Island historian Bruce Haulman said that school districts were responsible for providing instruction to children and teens at the concentration camps in their jurisdictions. Gruenewald, in fact, received a diploma from California’s Tri-State High School on July 16, 1943. She later wrote about that time.

“My classmates and I dressed up in caps and gowns and sat on benches lined up in front of the outdoor stage.

“If we had been living at home, we would have been looking forward to all kinds of exciting future possibilities: going off to college, getting jobs, working independently, getting married or traveling to foreign countries, just to mention a few. Despite the oppressive situation, we chose our class theme: ‘Today We Follow… Tomorrow We Lead.’”

Despite the bleak conditions of the school and the prejudices of the time, Gruenewald’s English teacher, a white man, saw her promise and encouraged her to apply for a scholarship to continue her education. She followed his advice and received a scholarship — a collection of money given by fellow Japanese Americans at the camp. She felt privileged to receive the funds.

“We were all destitute,” she said. “I do not remember how much it was, but it seemed like an extraordinary amount of money.”

Having worked as a nurse’s aid in the camp hospital, Gruenewald thought she might be interested in nursing and learned that the federal government would pay for her training in the United States Cadet Nurse Corps. She applied and was accepted into the program and for training at Jane Lamb Memorial Hospital in Clinton, Iowa, where her nursing education took place. With acceptance into a military program, Gruenewald was able to leave camp — by this time, Heart Mountain Internment Camp in Wyoming, and her parents moved to the Minidoka Relocation Center in Idaho to be close to friends nearby. From there, Gruenewald traveled by train to Iowa. It was the first time she had ever been away from her family. She was 18.

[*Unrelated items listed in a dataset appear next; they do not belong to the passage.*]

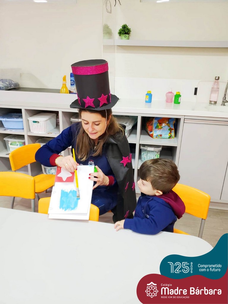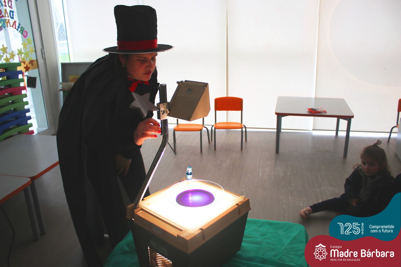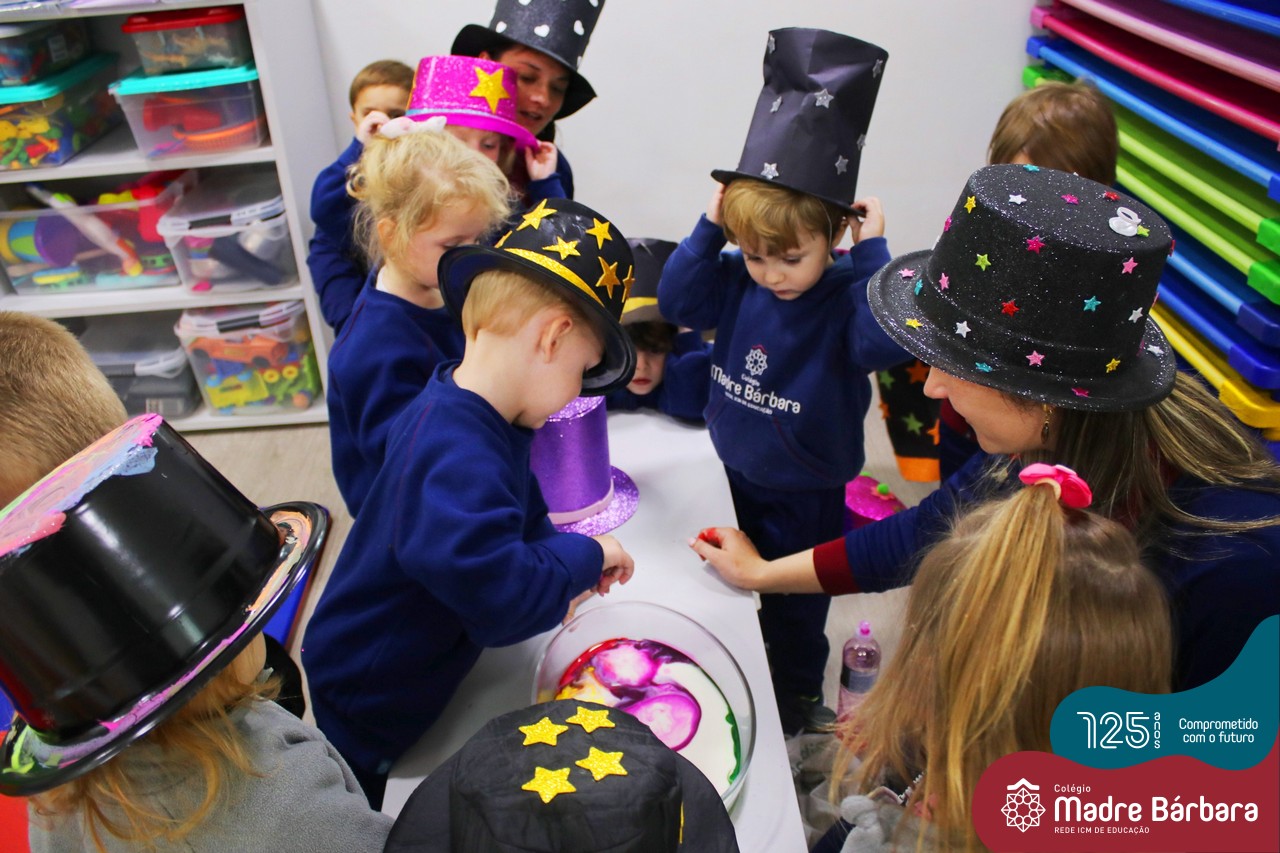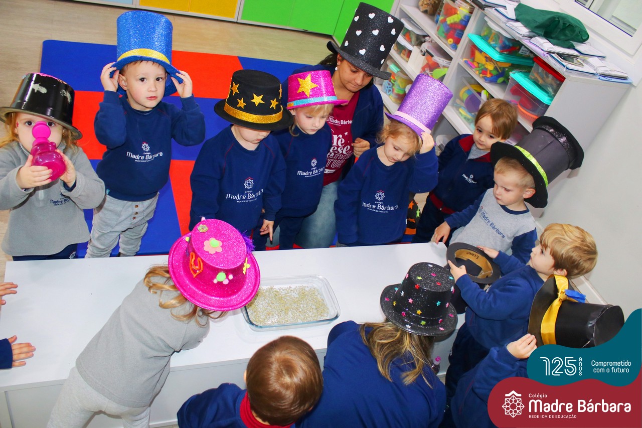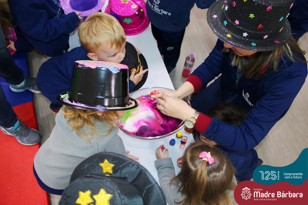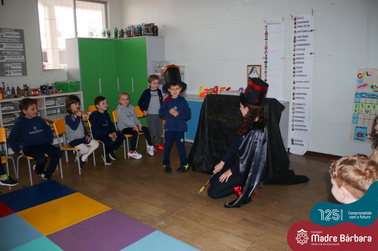 O primeiro dia da Semana da Criança foi marcado por encanto e magia. As crianças foram recebidas em um ambiente especialmente preparado com muita cor, cartolas e estrelas! O dia foi de mágicas que empolgaram as crianças e professoras. Abracadabra…simsalabim!!!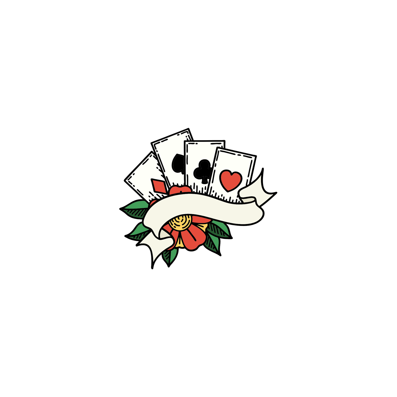 - Design Elements: Features a vibrant red flower surrounded by green leaves and five playing cards.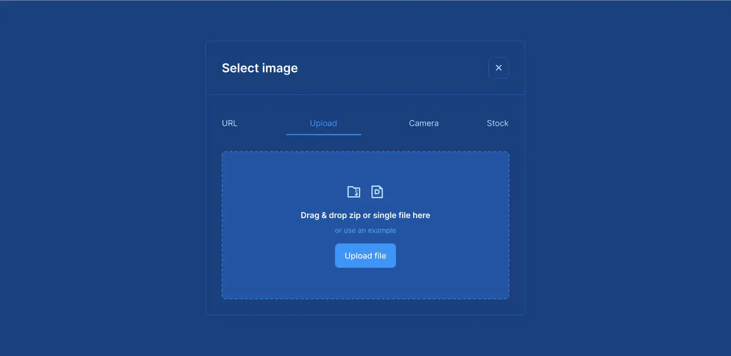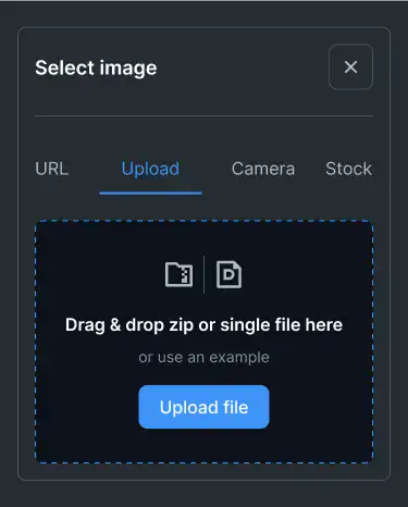 Simple drag-and-drop upload boxes, download areas, or asset release blocks.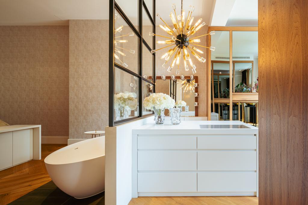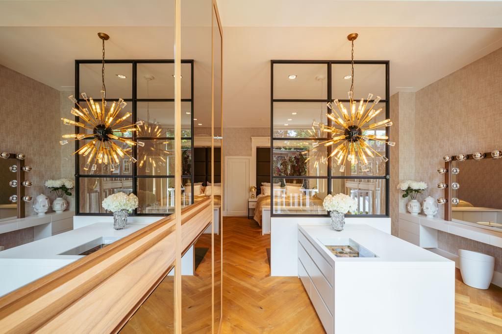Accessible via staircase or lift, the landing leads to all rooms on this level. At the rear is the expansive master bedroom, featuring a glass wall that subtly divides the sleeping area from the bathroom and dressing space. This luxurious suite includes built-in wardrobes, a freestanding bathtub, and French doors overlooking the landscaped garden.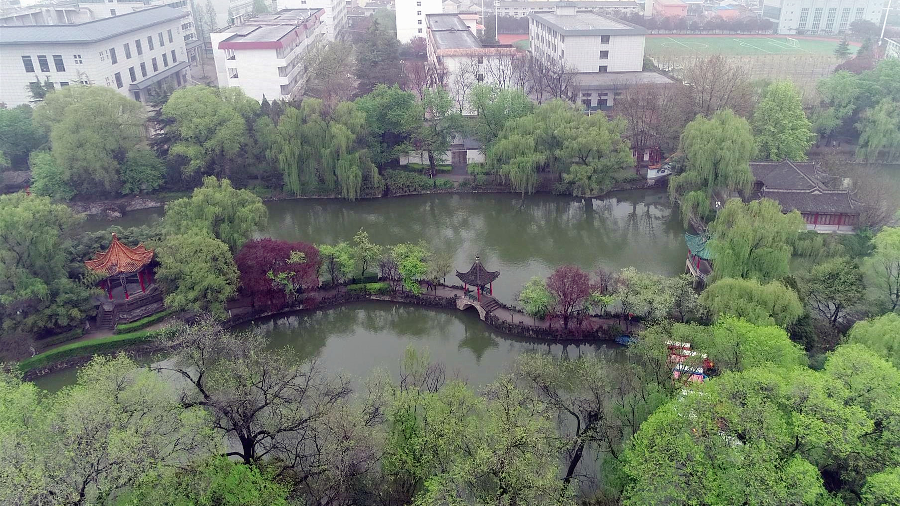 无人机飞过南侧新建的外湖,便来到古老的内湖上方。这里以“古饮凤池”为中心,以两段石桥和三块岛屿为界,将湖面分为南、中、北三个部分。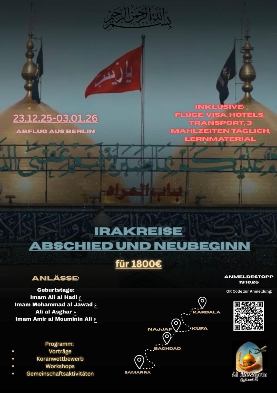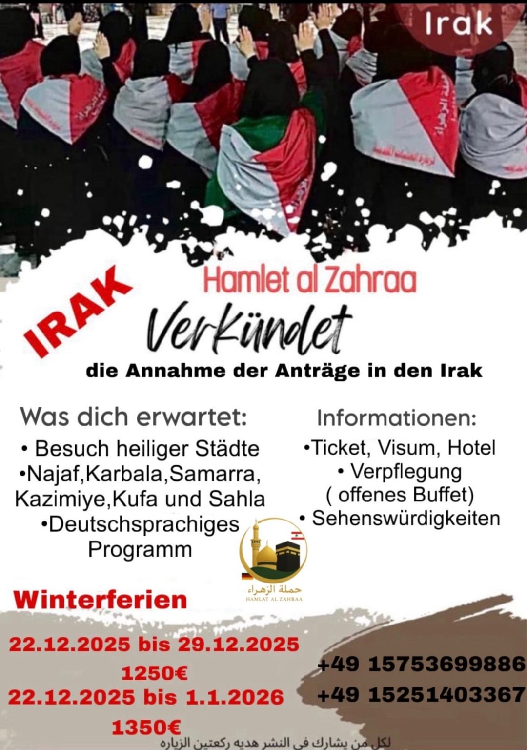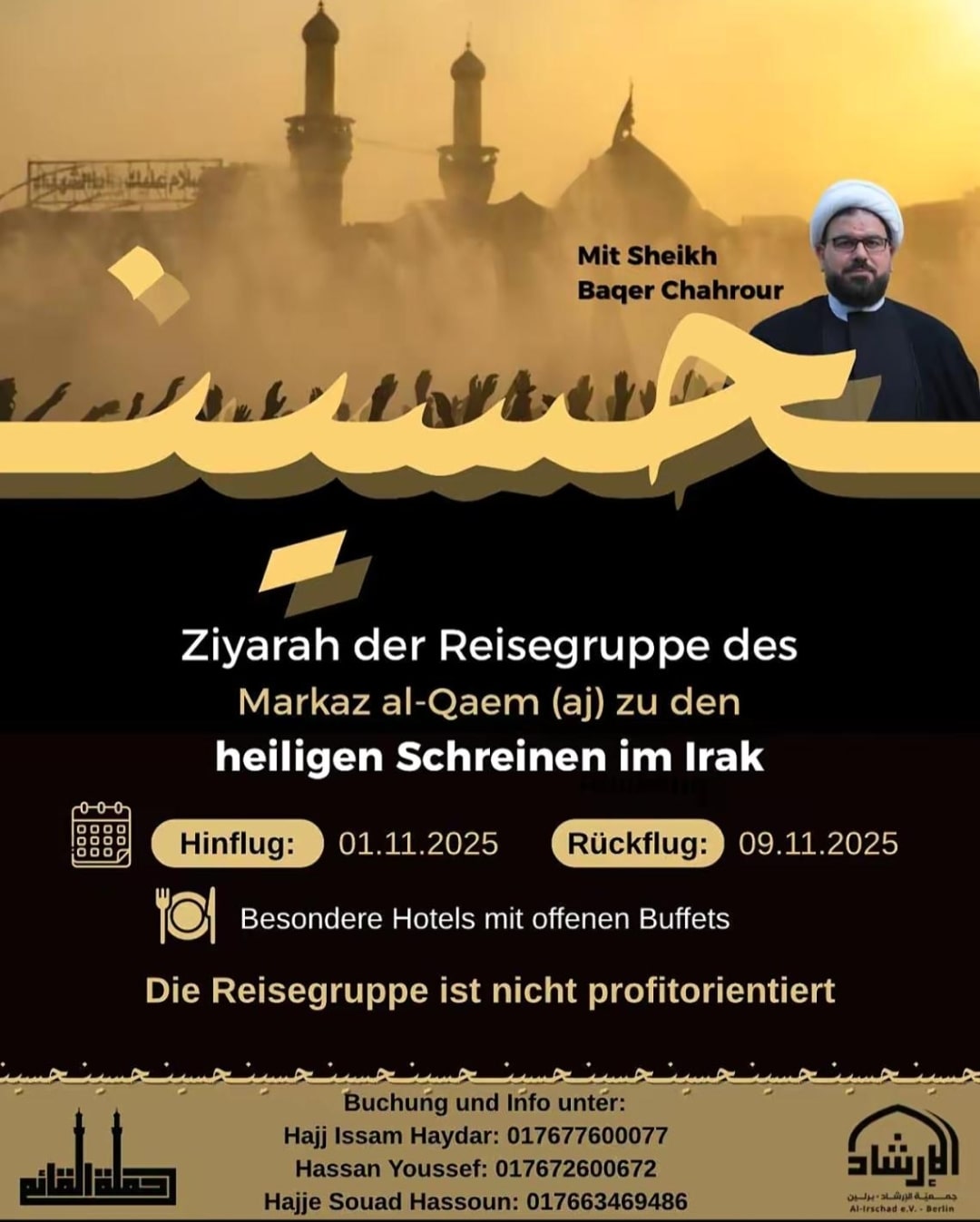 Irak Ziyarat 2025 – Hier findest du die Flyer der Organisationen für die Pilgerreisen nach Irak für das Jahr 2025.
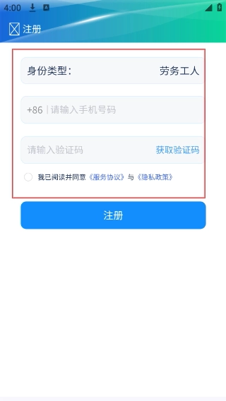 3、进入【注册】页面,选定身份类型后,填写账号、获取并输入验证码,勾选相关协议后点击【注册】按钮,即可完成账号注册流程。

“Here I am a kid off a strawberry farm from Vashon, taking a train to Chicago,” she said, recalling the trip.

Gruenewald said last week that her training there, over a period of three years, was excellent.

She went on to have a long career as a nurse. Ray Gruenewald noted that she also later attended college and earned her four-year degree in 1980 from Seattle Pacific University. But what was to have come first — a diploma from Vashon High School — had eluded her until now.

“It is a big, big deal,” she said. “It is something I have wanted and couldn’t have for many, many years.”